This repository provides datasets containing CLIP-generated embeddings and metadata for YouTube video scenes. The embeddings are extracted based on timestamps indicating specific scenes within the videos. These datasets are part of the SeahorseDB collection, accessible on Hugging Face.
Dataset Name | Size | Description |
---|---|---|
youtube-1M-dataset |
1 Million | Contains CLIP embeddings and metadata for 1M YouTube video scenes. |
youtube-2M-dataset |
2 Million | Contains CLIP embeddings and metadata for 2M YouTube video scenes. |
youtube-15M-dataset |
15 Million | Contains CLIP embeddings and metadata for 15M YouTube video scenes. |
All datasets are stored in Parquet format for efficient storage and processing.

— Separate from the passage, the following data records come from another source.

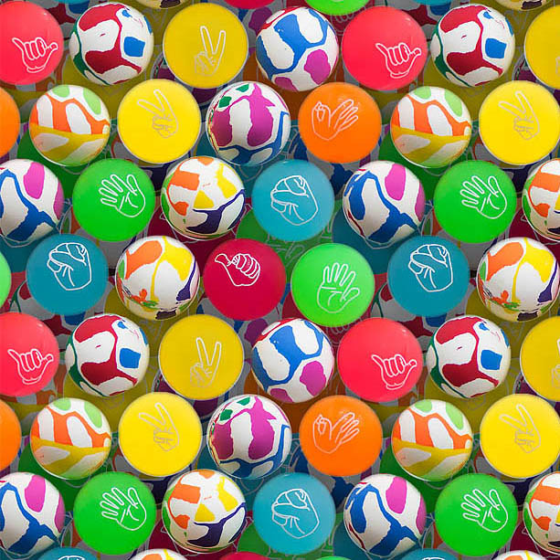 Расшифруй значения всех жестов, изображенных на разноцветных мячиках-попрыгунчиках.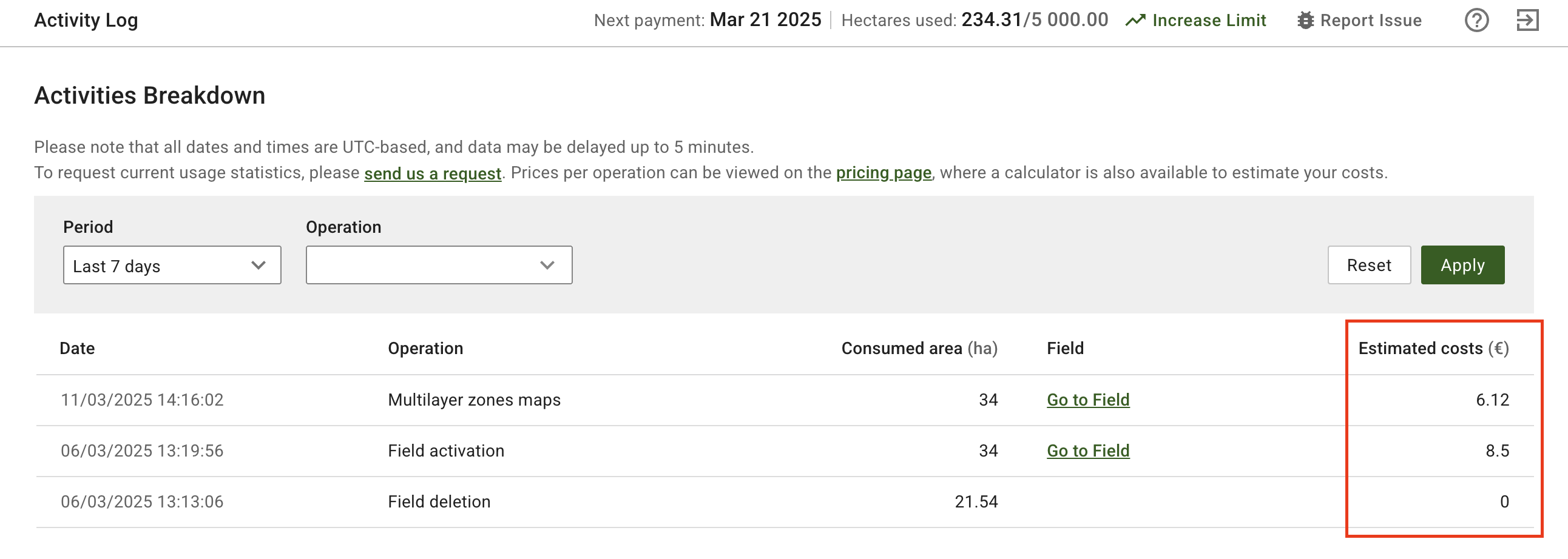<figure><img src="https://3272281156-files.gitbook.io/~/files/v0/b/gitbook-x-prod.appspot.com/o/spaces%2FYICBELdyAXXebKAzfLOR%2Fuploads%2F1cwOKWbdQIGMe7lcVE2G%2FScreenshot%202025-03-11%20at%2014.21.05.png?alt=media&#x26;token=677afb9d-6b04-440f-93a7-35c70a19659d" alt=""><figcaption><p>Estimated Costs in Activity Log</p></figcaption></figure>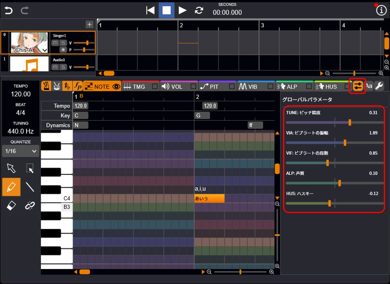 - 「TUNE」「VIA」「VIF」「ALP」「HUS」のスライダーをドラッグして動かします。 曲全体に影響を与えるパラメータが調整されます。

Each dataset includes the following fields:
Field Name | Data Type | Description |
---|---|---|
feature |
sequence | 1024-dimensional CLIP-generated embedding vector representing the scene. |
title |
string | Title of the YouTube video. |
channel_name |
string | Name of the YouTube channel hosting the video. |
video_id |
string | Unique identifier for the YouTube video. |
timestamp |
string | Timestamp indicating the specific scene in the video. |
id |
int64 | Unique identifier for each row. |
__index_level_0__ |
int64 | Dummy field |
The datasets can be downloaded directly from Hugging Face:
You can load the Parquet files using libraries like Pandas or PyArrow.
import pandas as pd
# Load the 1M dataset
df = pd.read_parquet("path/to/youtube-1M-dataset.parquet")
print(df.head())
# Access embeddings and metadata
embeddings = df['feature'].tolist() # 1024-dimensional embeddings for scenes
timestamps = df['timestamp'].tolist()
metadata = df['title'].tolist()